# Definition of the dorsogluteal point if

## Consequence criterion of continuity: Consequence continuity - Serlo "Math for non-freaks"

### First examples 

Look at the limit . At school, this limit would be calculated as follows:

The Signum function

This calculation makes intuitive sense: If , then should be. But can we argue that way? Is it allowed to pull the Limes into the function? For this, consider the sign function , which is the sign of returns:

Because of applies:

So is . This shows that the Limes cannot easily be drawn into a function. In the function plot you can see why this is at , but not at is possible.
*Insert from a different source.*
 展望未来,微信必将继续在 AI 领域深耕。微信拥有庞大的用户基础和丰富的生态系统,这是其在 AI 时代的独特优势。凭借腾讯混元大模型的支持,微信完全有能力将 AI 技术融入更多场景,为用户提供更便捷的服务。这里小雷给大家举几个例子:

At namely, the sequence converges against , if goes:

With the sign function there is a jump in the graph at , and therefore the sequence converges not against :

We note: There are functions in which the Limes can be drawn in, and functions in which it does not (always) work.

### Jump points and continuity 

We realize that this is why we are not in the Limes can drag in because the graph has the sign function at the point "Takes a leap". We now consider why it is not possible to draw in the limit if the graph makes a jump at the limit of the argument sequence. Let's assume that has the following graph:

If we look at each other from the left approach, then the function values ​​also approach at. So if the argument sequence is almost exclusively (read: with a finite number of exceptions) only real numbers less than or equal exists, we can pull the Limes into it. However, this fails if there are infinitely many numbers greater than than in the argument sequence occur. Namely, their function values ​​do not approach each other because the graph is at makes a jump in the right direction. Because of the jump, there is a minimum distance that the function values ​​are near and to the right of not fall below. The leap of the function at the point prevents the Limes from being drawn into every sequence of arguments.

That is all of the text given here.